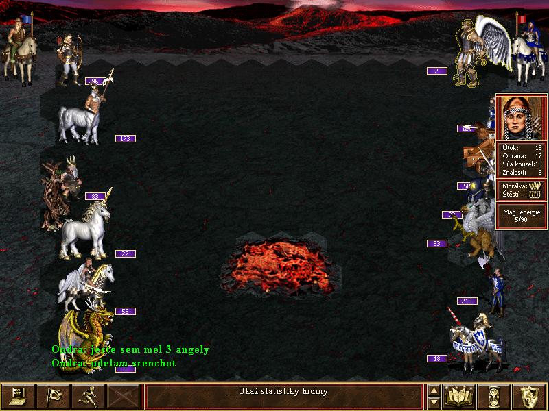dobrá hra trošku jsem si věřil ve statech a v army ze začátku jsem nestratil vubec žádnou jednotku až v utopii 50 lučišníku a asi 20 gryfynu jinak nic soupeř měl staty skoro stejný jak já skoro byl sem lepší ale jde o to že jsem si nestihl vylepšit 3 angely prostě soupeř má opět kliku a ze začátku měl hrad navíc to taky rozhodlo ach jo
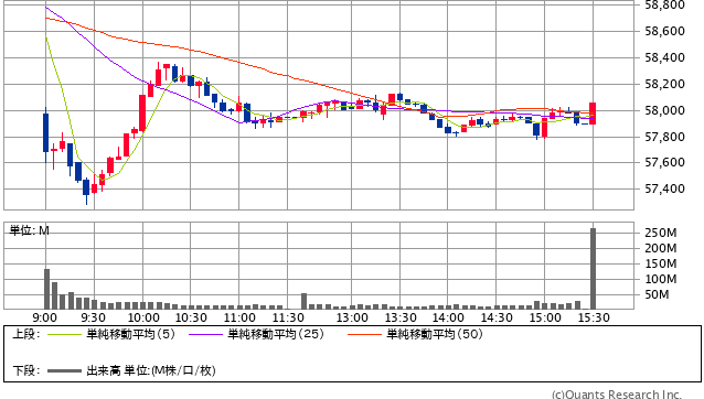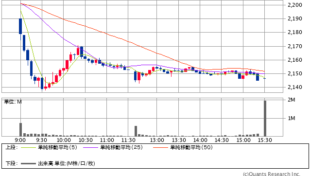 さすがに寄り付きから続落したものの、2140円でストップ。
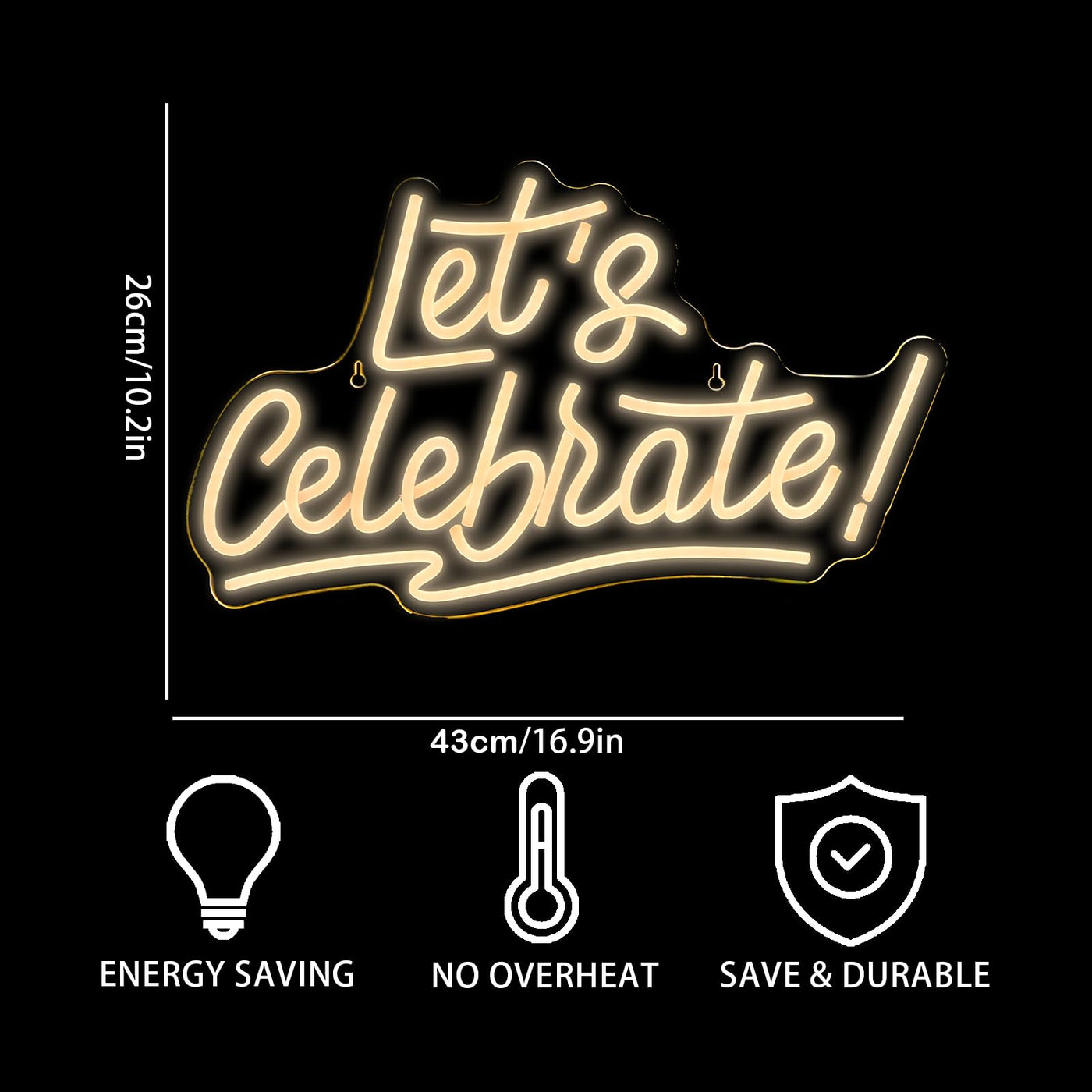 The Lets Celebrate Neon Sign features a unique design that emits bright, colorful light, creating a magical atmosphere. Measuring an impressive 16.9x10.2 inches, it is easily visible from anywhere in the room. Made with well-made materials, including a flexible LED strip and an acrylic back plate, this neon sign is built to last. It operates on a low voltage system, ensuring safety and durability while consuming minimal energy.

--

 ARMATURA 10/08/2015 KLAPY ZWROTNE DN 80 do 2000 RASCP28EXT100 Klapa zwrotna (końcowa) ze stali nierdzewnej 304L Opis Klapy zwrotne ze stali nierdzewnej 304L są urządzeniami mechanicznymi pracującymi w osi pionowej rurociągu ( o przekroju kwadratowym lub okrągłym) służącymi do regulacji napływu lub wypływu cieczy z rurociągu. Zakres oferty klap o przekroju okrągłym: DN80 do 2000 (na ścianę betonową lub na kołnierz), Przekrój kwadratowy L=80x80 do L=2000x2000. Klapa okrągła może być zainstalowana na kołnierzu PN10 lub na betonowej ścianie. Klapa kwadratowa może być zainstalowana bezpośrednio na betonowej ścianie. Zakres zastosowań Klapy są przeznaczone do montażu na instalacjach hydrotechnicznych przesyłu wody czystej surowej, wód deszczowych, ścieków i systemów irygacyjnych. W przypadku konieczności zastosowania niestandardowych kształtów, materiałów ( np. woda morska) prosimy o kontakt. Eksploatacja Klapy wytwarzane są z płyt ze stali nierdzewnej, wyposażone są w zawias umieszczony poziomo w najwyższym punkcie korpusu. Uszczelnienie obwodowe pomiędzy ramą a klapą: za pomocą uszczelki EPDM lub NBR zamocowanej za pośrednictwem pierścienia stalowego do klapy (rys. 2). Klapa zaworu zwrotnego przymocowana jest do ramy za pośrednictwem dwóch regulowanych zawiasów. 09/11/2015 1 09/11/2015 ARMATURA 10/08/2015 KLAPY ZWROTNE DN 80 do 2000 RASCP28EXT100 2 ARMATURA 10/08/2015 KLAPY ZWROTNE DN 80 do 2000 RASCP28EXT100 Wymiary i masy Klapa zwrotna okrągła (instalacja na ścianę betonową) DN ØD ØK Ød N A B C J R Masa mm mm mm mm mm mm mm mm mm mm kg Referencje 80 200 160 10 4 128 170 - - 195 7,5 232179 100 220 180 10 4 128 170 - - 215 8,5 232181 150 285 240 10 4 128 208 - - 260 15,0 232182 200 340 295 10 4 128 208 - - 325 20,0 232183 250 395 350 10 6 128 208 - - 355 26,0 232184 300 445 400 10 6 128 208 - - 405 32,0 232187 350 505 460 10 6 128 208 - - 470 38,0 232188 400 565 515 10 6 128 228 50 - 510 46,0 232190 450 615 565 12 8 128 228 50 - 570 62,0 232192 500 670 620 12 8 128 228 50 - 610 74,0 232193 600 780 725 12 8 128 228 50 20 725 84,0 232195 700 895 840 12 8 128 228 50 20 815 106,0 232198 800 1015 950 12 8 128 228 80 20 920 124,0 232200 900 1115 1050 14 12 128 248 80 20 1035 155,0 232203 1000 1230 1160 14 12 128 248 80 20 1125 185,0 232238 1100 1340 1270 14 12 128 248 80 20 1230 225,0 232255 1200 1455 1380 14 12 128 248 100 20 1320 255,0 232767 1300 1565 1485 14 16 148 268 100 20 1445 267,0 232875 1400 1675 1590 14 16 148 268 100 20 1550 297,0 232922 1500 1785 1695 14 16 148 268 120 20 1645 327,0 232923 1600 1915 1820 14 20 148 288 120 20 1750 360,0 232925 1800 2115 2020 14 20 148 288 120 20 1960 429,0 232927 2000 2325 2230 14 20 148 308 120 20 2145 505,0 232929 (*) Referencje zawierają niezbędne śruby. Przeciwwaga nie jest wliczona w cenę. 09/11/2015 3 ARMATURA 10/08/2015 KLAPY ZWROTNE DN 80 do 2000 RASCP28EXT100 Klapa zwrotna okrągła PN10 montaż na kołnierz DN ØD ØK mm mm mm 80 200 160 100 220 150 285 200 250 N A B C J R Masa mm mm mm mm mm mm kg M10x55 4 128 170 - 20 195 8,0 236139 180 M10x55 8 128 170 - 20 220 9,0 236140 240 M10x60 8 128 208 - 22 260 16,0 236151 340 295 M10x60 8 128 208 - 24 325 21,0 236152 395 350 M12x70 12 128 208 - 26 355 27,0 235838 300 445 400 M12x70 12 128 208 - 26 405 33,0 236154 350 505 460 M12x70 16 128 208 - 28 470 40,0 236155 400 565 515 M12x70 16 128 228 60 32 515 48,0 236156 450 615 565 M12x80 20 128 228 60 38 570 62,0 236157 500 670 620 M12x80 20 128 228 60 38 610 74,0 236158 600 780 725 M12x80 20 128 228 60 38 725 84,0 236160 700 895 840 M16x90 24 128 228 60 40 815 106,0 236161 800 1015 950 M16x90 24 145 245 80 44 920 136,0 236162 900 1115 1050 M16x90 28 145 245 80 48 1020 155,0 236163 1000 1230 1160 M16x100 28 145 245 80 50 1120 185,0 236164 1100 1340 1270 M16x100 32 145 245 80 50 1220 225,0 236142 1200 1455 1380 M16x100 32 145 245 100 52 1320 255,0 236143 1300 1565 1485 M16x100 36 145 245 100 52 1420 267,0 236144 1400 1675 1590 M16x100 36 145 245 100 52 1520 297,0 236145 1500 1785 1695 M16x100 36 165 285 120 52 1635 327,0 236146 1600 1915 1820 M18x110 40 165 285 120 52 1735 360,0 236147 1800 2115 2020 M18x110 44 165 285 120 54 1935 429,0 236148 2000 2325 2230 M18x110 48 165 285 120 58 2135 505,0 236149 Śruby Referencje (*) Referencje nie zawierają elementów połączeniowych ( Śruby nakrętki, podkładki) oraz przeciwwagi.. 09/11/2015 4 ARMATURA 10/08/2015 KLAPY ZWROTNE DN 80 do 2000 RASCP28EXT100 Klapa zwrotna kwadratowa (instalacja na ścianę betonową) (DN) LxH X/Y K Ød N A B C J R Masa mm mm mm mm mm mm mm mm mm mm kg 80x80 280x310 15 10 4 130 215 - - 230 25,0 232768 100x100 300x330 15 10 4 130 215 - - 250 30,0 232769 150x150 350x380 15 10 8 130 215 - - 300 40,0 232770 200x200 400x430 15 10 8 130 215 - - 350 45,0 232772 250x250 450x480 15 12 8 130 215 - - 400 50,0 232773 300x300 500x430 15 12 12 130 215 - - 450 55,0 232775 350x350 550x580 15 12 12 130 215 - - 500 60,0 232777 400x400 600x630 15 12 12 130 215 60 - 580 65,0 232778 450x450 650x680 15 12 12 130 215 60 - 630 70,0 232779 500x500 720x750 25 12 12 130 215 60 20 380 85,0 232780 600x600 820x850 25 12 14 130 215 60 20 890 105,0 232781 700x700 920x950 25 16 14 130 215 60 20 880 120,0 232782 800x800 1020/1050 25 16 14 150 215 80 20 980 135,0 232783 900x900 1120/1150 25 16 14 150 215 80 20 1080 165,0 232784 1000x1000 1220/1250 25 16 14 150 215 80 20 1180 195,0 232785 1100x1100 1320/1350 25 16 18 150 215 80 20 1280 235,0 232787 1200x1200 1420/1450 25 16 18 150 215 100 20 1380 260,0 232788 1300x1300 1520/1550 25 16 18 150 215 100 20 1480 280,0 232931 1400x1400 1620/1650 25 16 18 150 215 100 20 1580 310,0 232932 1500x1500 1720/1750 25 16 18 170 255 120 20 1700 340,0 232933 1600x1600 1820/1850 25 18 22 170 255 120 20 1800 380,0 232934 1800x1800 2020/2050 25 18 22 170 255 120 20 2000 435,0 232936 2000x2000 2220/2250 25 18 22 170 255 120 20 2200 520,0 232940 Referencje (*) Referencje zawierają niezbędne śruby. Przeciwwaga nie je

--- What needs to be done ---
Print an exact copy of the lines above, from the one containing "さすがに寄り付きから続落したものの、2140円でストップ。" through the one containing "The Lets Celebrate", and leave out the pictures.

--- Expected output ---
 さすがに寄り付きから続落したものの、2140円でストップ。
 The Lets Celebrate Neon Sign features a unique design that emits bright, colorful light, creating a magical atmosphere. Measuring an impressive 16.9x10.2 inches, it is easily visible from anywhere in the room. Made with well-made materials, including a flexible LED strip and an acrylic back plate, this neon sign is built to last. It operates on a low voltage system, ensuring safety and durability while consuming minimal energy.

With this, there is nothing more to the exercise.